━━ Study material ━━
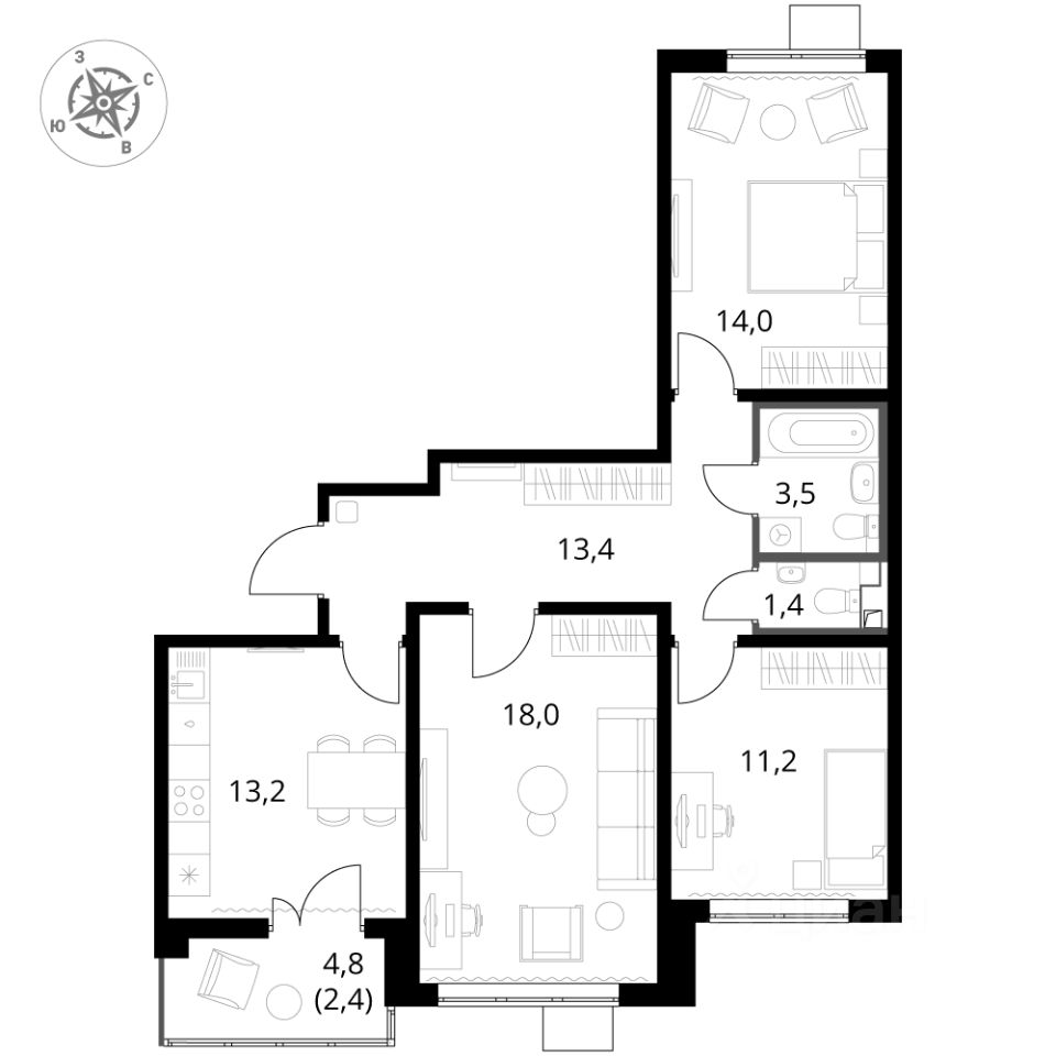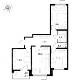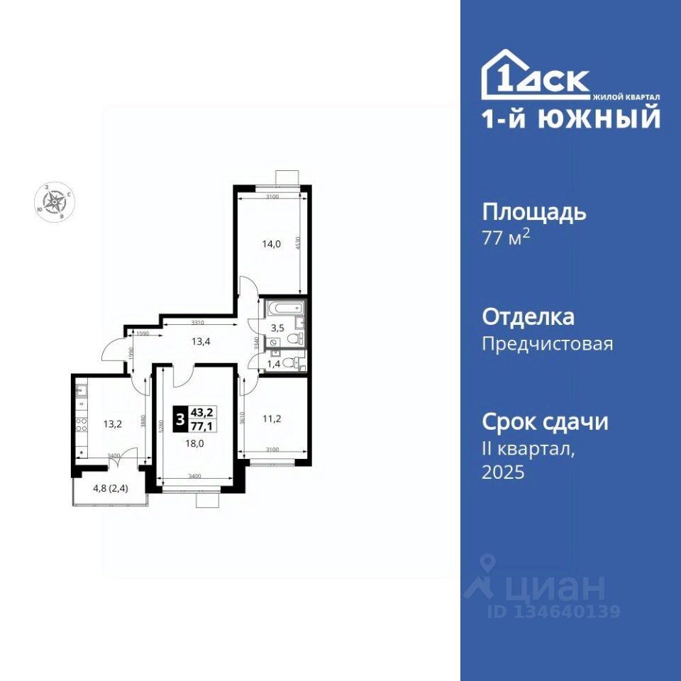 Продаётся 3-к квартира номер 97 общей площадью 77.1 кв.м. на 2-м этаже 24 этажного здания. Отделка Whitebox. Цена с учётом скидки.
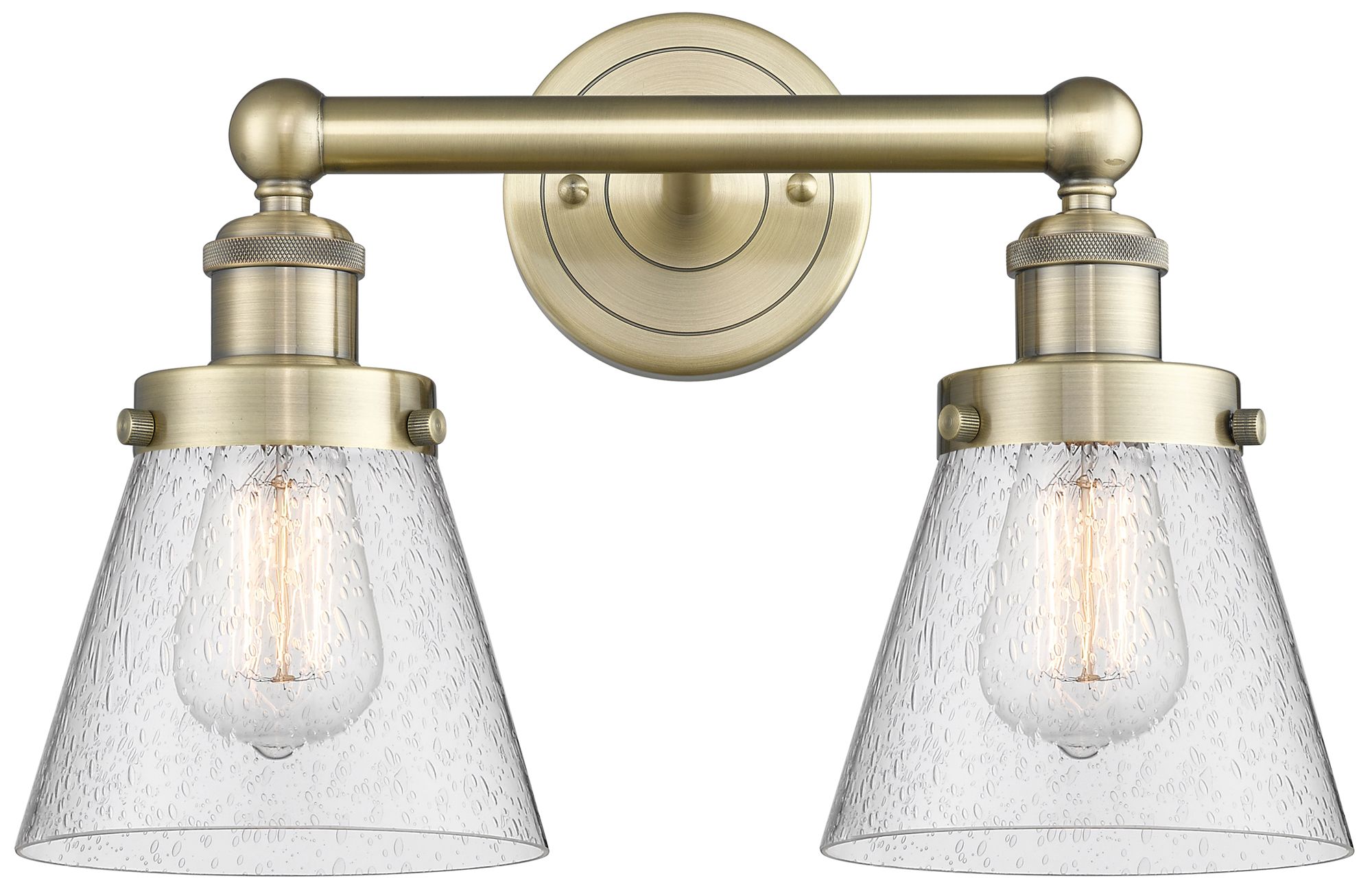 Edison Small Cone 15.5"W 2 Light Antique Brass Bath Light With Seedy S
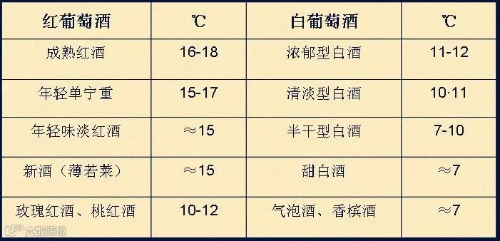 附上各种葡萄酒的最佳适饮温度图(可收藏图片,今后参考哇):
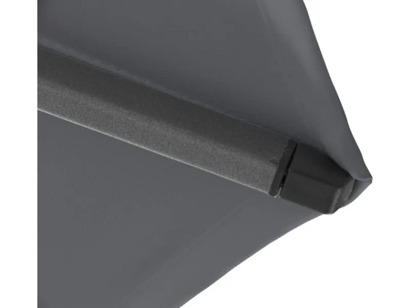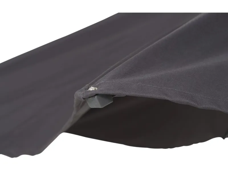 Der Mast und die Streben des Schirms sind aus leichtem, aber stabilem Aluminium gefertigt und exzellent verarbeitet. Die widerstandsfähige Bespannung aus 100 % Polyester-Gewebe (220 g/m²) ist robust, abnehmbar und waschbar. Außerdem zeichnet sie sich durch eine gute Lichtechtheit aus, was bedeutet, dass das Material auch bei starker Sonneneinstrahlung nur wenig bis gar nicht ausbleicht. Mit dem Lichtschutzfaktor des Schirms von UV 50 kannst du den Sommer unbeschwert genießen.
━━━
━━ Study material ━━
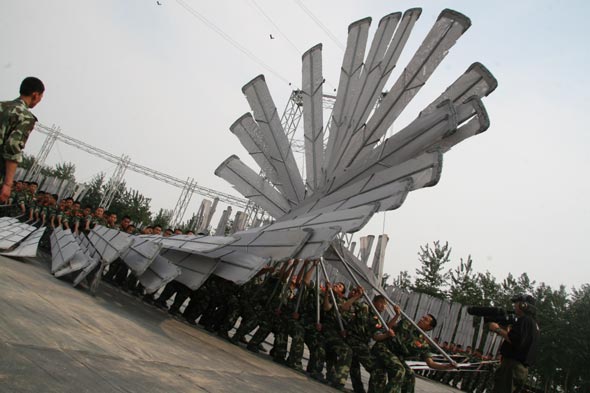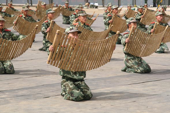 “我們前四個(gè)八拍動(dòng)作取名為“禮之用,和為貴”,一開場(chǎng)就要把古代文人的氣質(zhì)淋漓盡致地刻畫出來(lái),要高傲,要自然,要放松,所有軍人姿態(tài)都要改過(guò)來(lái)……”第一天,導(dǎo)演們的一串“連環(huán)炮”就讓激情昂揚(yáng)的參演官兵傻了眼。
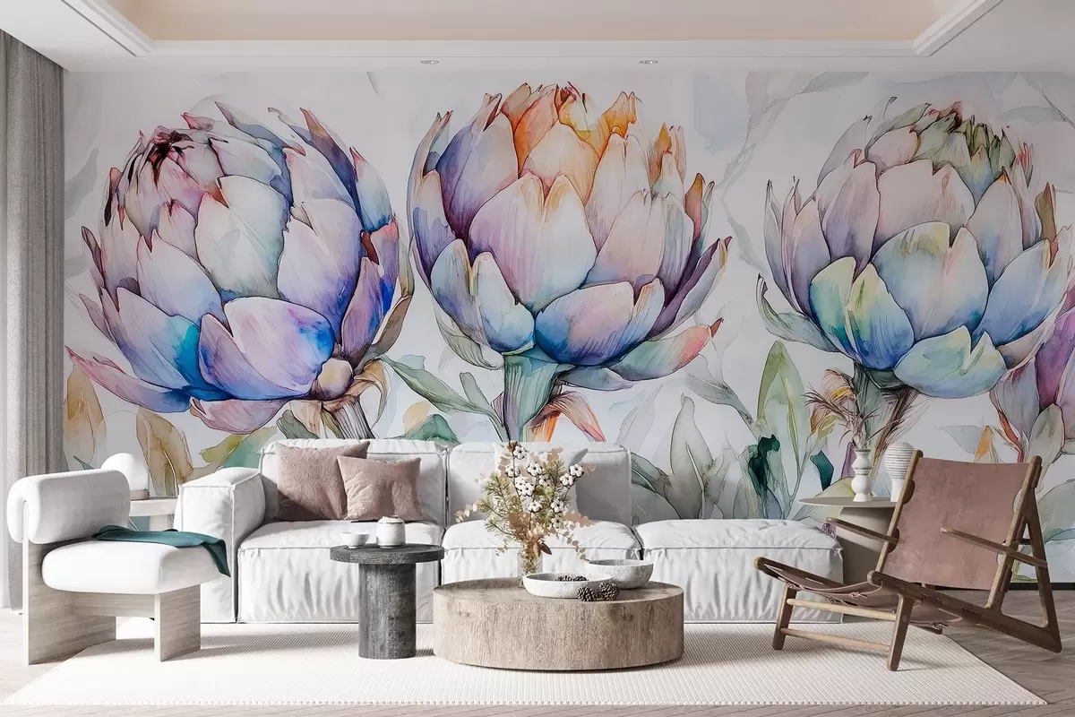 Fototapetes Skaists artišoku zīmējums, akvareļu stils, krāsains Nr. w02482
━━━
Required work: Output exactly the lines above, beginning at the one with "Edison Small Cone" and stopping after the one with "Der Mast und". Pictures are to be omitted.

Written response:
 Edison Small Cone 15.5"W 2 Light Antique Brass Bath Light With Seedy S
 附上各种葡萄酒的最佳适饮温度图(可收藏图片,今后参考哇):
 Der Mast und die Streben des Schirms sind aus leichtem, aber stabilem Aluminium gefertigt und exzellent verarbeitet. Die widerstandsfähige Bespannung aus 100 % Polyester-Gewebe (220 g/m²) ist robust, abnehmbar und waschbar. Außerdem zeichnet sie sich durch eine gute Lichtechtheit aus, was bedeutet, dass das Material auch bei starker Sonneneinstrahlung nur wenig bis gar nicht ausbleicht. Mit dem Lichtschutzfaktor des Schirms von UV 50 kannst du den Sommer unbeschwert genießen.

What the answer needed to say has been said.